• _Task to complete_: Beginning with the line that holds "Morrígan encarna la" and ending with the last line of the entries below, copy every line exactly and nothing else, with the pictures left out.

• _Data for analysis_:
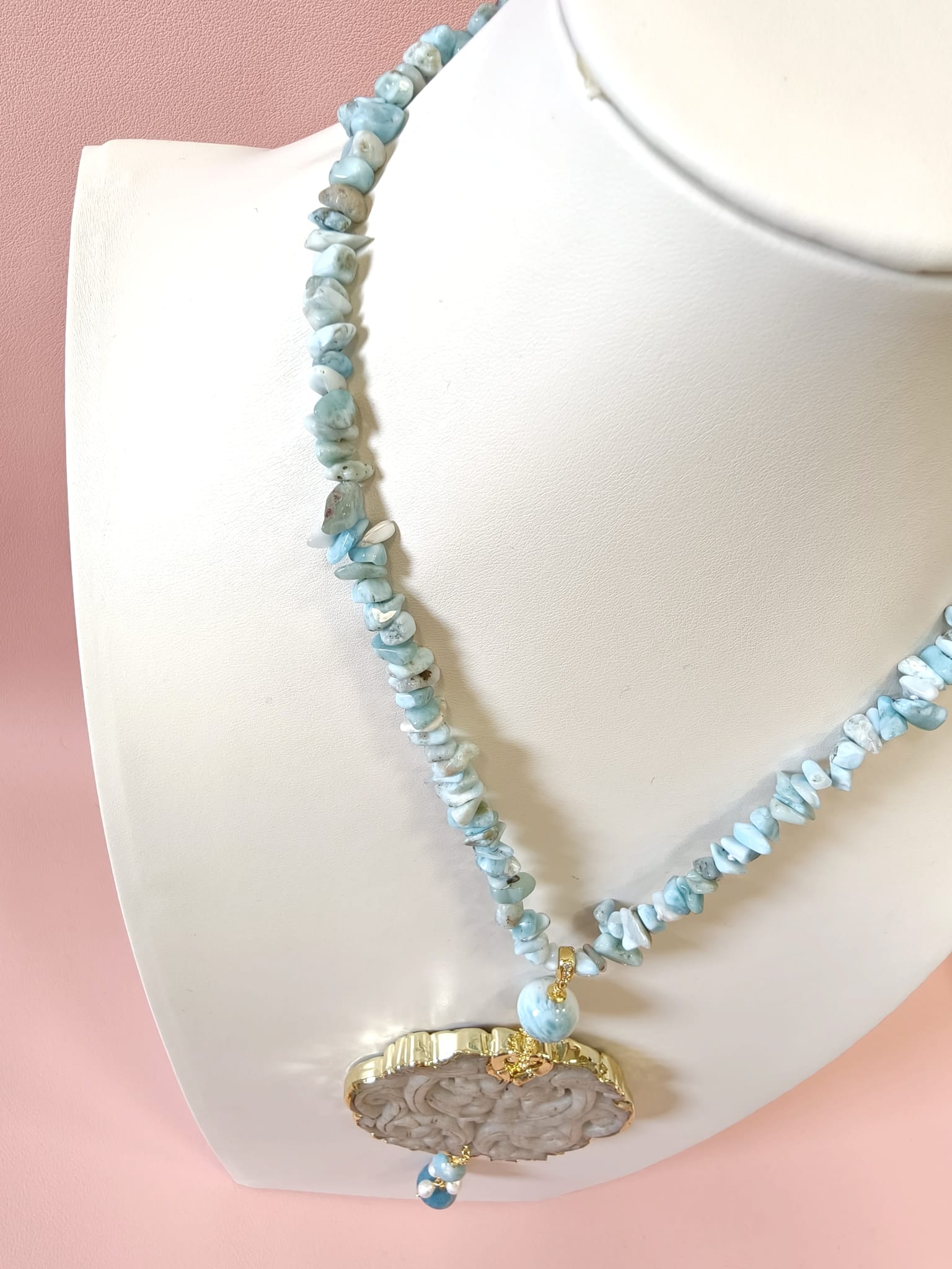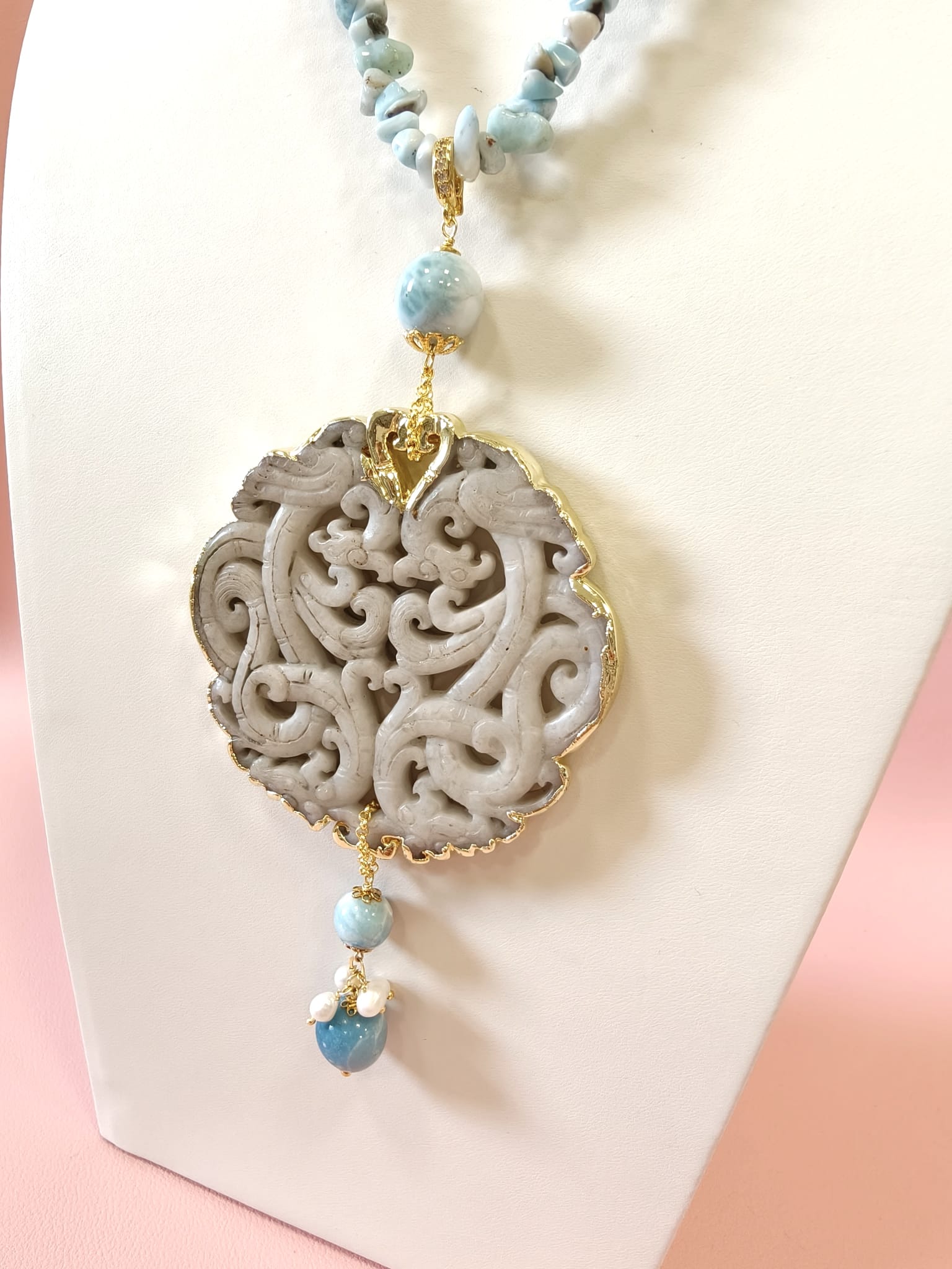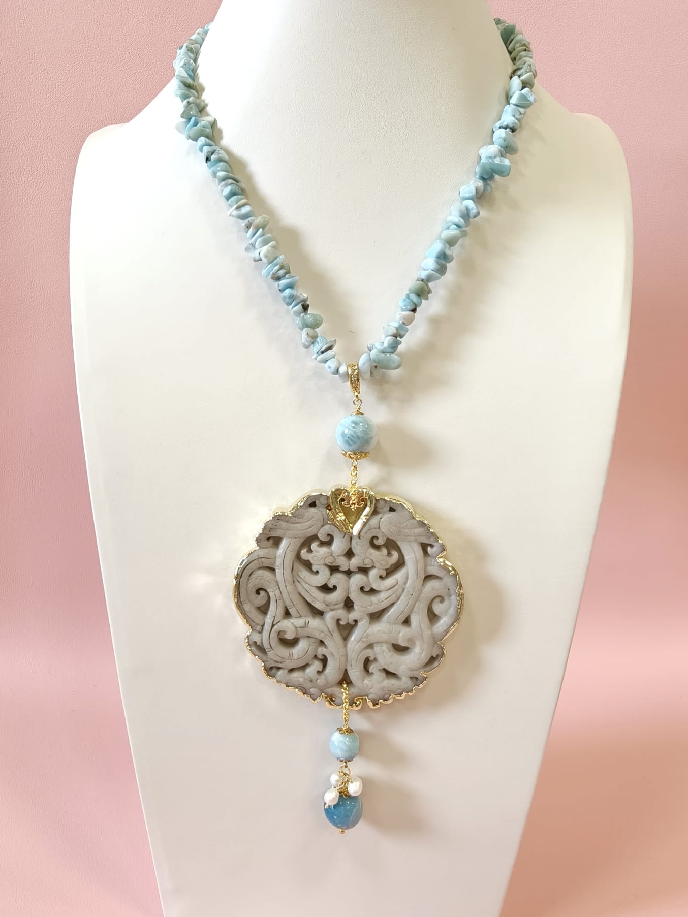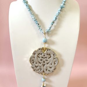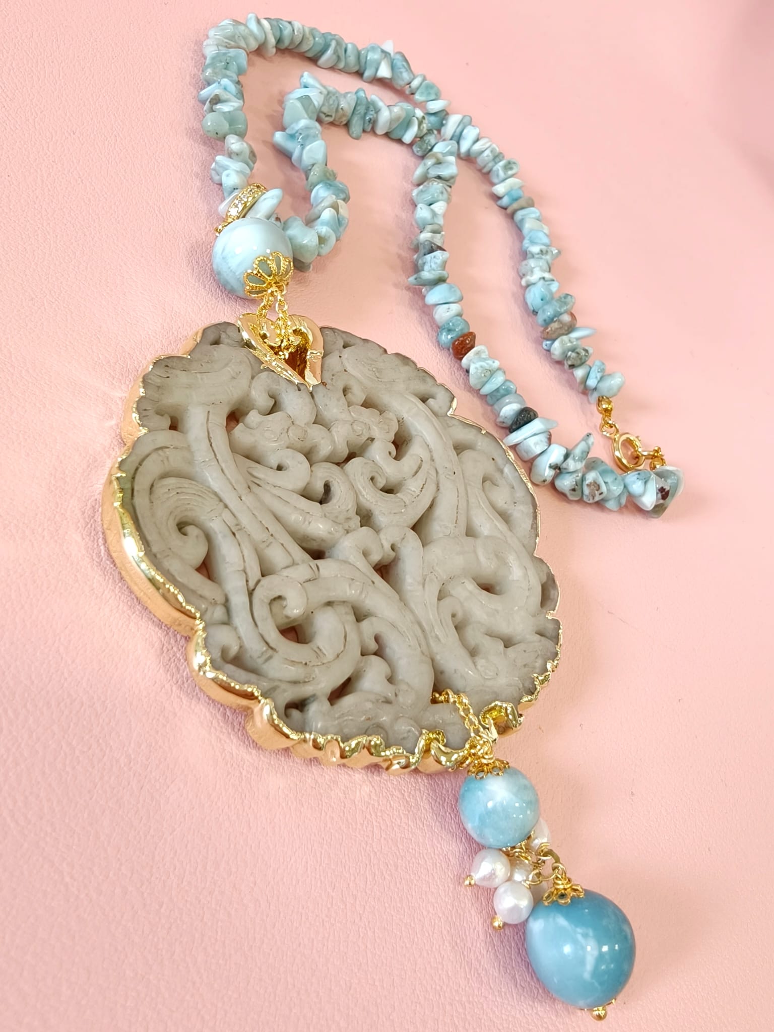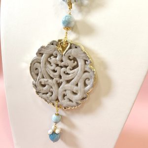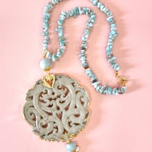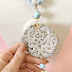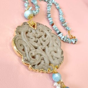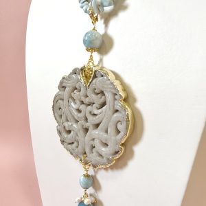 Collana Larimar E Giada Intagliata Ispirata Al Mare E Alla Luce
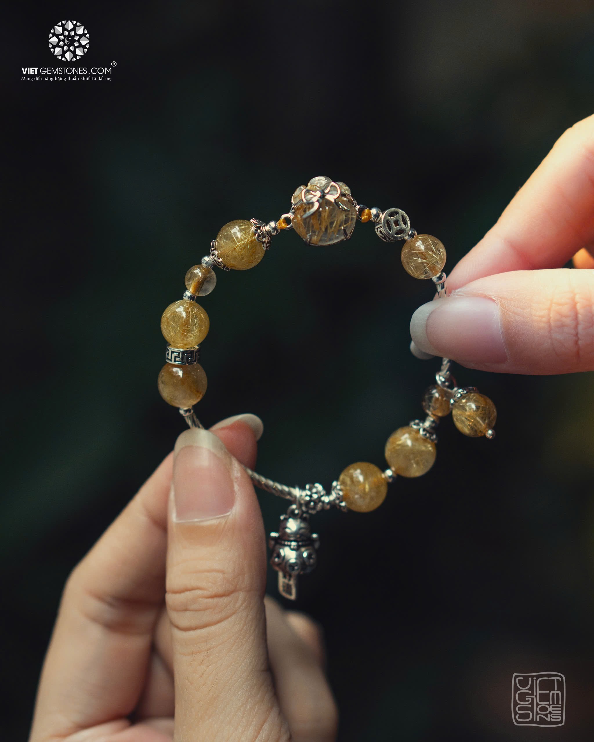 Charm bạc đi kèm không chỉ làm nổi bật vẻ đẹp của vòng tay mà còn mang ý nghĩa bảo vệ và cân bằng năng lượng. Bạc có khả năng kháng khuẩn, giúp người đeo cảm thấy an tâm và dễ chịu hơn trong sinh hoạt hằng ngày. Sự kết hợp giữa thạch anh tóc vàng và charm bạc tạo nên một món trang sức vừa hiện đại, vừa mang nét tâm linh sâu sắc.
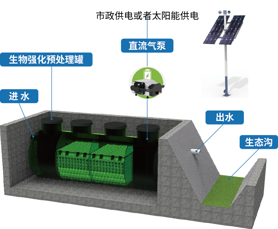 强化预处理罐(微动力): 适用于联户/连片资源化利用 包含隔渣与沉淀区、生化区、清水区三级池体,污水经预处理罐处理后进入清水区,通过提升泵将清水提升输送至资源化利用受纳体。 适用条件: 服务常住人口:6户~114人;处理规模3吨、5吨、8吨三个规模。 现场条件:受纳体地势平坦或较高,处理出水无法自流进入受纳体利用,需要提升后接入受纳体。 特点:1、占地小、埋深浅、选址灵活;2、微动力间歇好氧生物强化技术;3、出水不黑不臭,农民易于接受入园。 | ![]() |
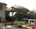 ここ3日間、潮田部長の姿が見当たらないと思ったら・・・、 こちらのお宅で特注 薪置場とパーゴラ作りに励んでました! つくば市のM様邸・・・、 アイアンとウッドで作る、特注!薪置場です。 窓があるので規格品では難しく・・・、特注となりました。 窓をかわしながら、棚をセット。 屋根材にはポリカを使用。 こちらも、特注!パーゴラです。 変則な敷地に設けたパーゴラは、リビングからのフォーカルポイントに収まるように設置されています。 潮大君と・・・、 ガッちゃん達で・・・・、 本日は、社長監修のもと・・・、 植栽をおこないます。
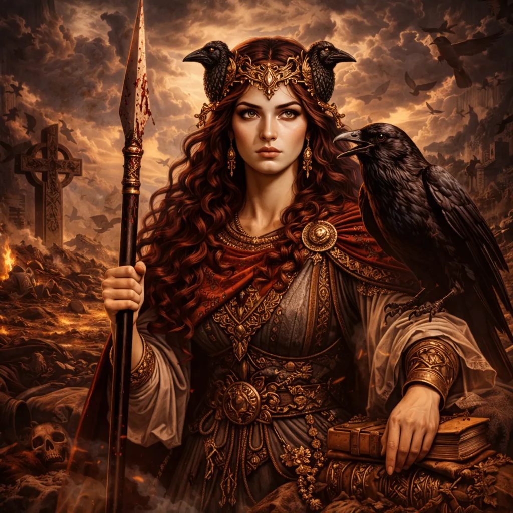 Morrígan encarna la conciencia del conflicto antes, durante y después de que ocurra. No es solo guerra (Marte), ni destrucción (Torre): es presencia que sabe que el enfrentamiento va a suceder y se mueve dentro de él. Su energía no es impulsiva, es lúcida. Puede anticipar la caída, anunciarla o influir en el resultado. No necesariamente lucha directamente: sobrevuela, observa y activa. También tiene un matiz de destino: cuando aparece, el conflicto ya está en marcha aunque aún no sea visible. No lo crea, pero lo revela y lo empuja a manifestarse.
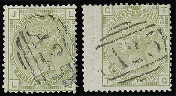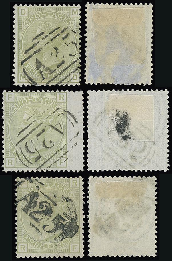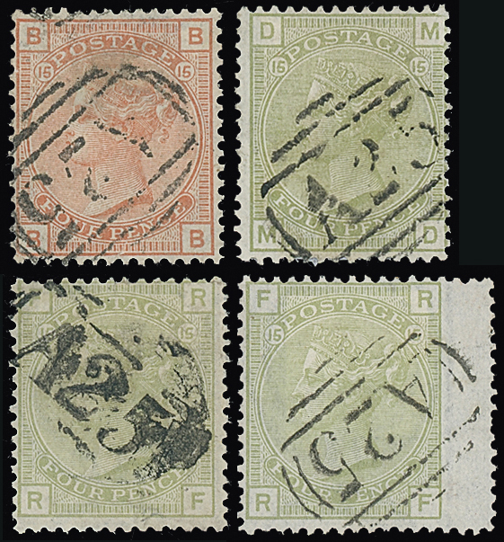 Malta: A25 Cancellations: 1877 4d. sage-green plate 15 MD and RF (2, one with reperf. wing margin), otherwise fine. S.G. Z51. Photo. (Image1)
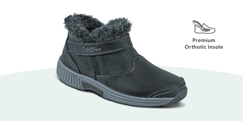 This cute leather bootie keeps busy days pain-free, with adjustable Ortho-Cushion™ System support to enhance your mobility. The zipper on the inner side of the boot makes them easy to get on, while the strap and stretch gore on the outer side adjust a perfect fit that flexes with you. Siena protects feet in a healthy space, with padded interior, extra depth and a roomy toe box.
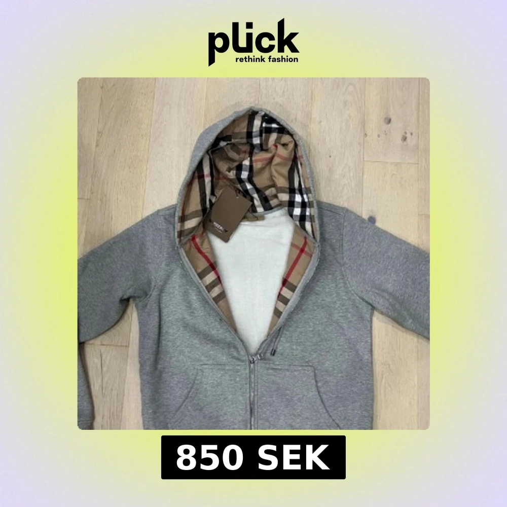Grå Burberry hoodie med rutig huva
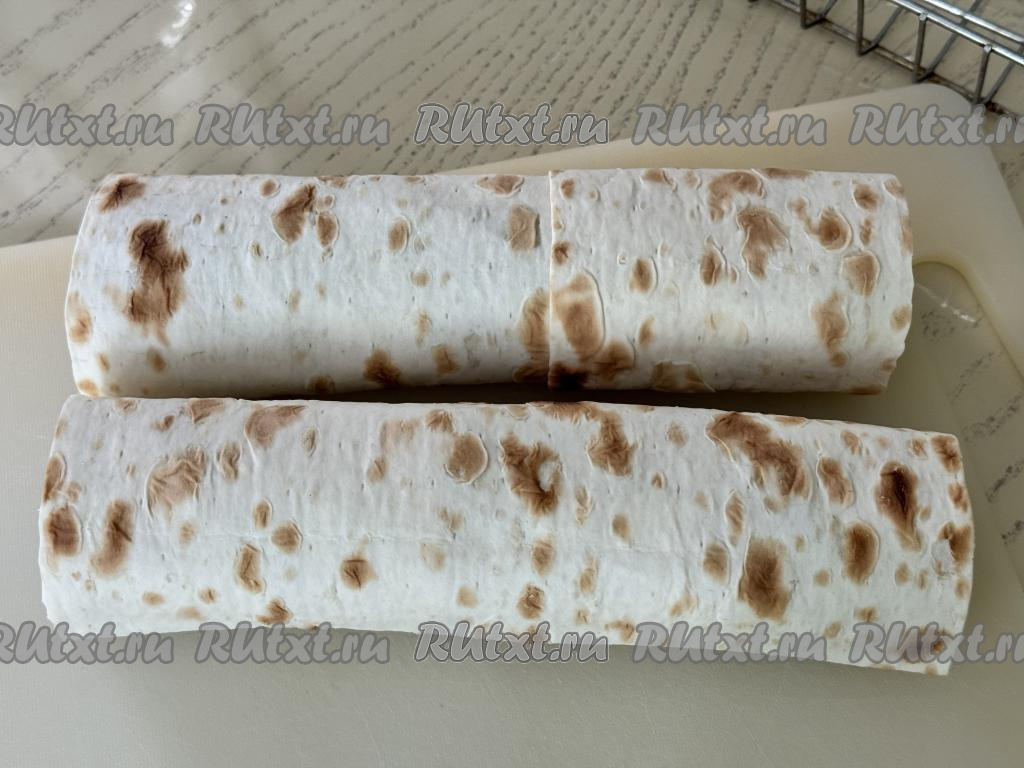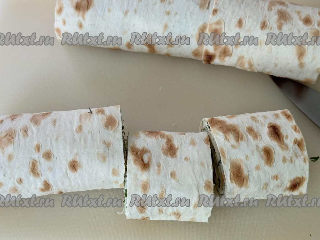 Свернуть лаваш в рулет, начиная с более длинной стороны лаваша. Слегка прижать рулет сверху рукой, чтобы он стал более плоским.

• _Solution_:
 Morrígan encarna la conciencia del conflicto antes, durante y después de que ocurra. No es solo guerra (Marte), ni destrucción (Torre): es presencia que sabe que el enfrentamiento va a suceder y se mueve dentro de él. Su energía no es impulsiva, es lúcida. Puede anticipar la caída, anunciarla o influir en el resultado. No necesariamente lucha directamente: sobrevuela, observa y activa. También tiene un matiz de destino: cuando aparece, el conflicto ya está en marcha aunque aún no sea visible. No lo crea, pero lo revela y lo empuja a manifestarse.
 Malta: A25 Cancellations: 1877 4d. sage-green plate 15 MD and RF (2, one with reperf. wing margin), otherwise fine. S.G. Z51. Photo. (Image1)
 This cute leather bootie keeps busy days pain-free, with adjustable Ortho-Cushion™ System support to enhance your mobility. The zipper on the inner side of the boot makes them easy to get on, while the strap and stretch gore on the outer side adjust a perfect fit that flexes with you. Siena protects feet in a healthy space, with padded interior, extra depth and a roomy toe box.
Grå Burberry hoodie med rutig huva
 Свернуть лаваш в рулет, начиная с более длинной стороны лаваша. Слегка прижать рулет сверху рукой, чтобы он стал более плоским.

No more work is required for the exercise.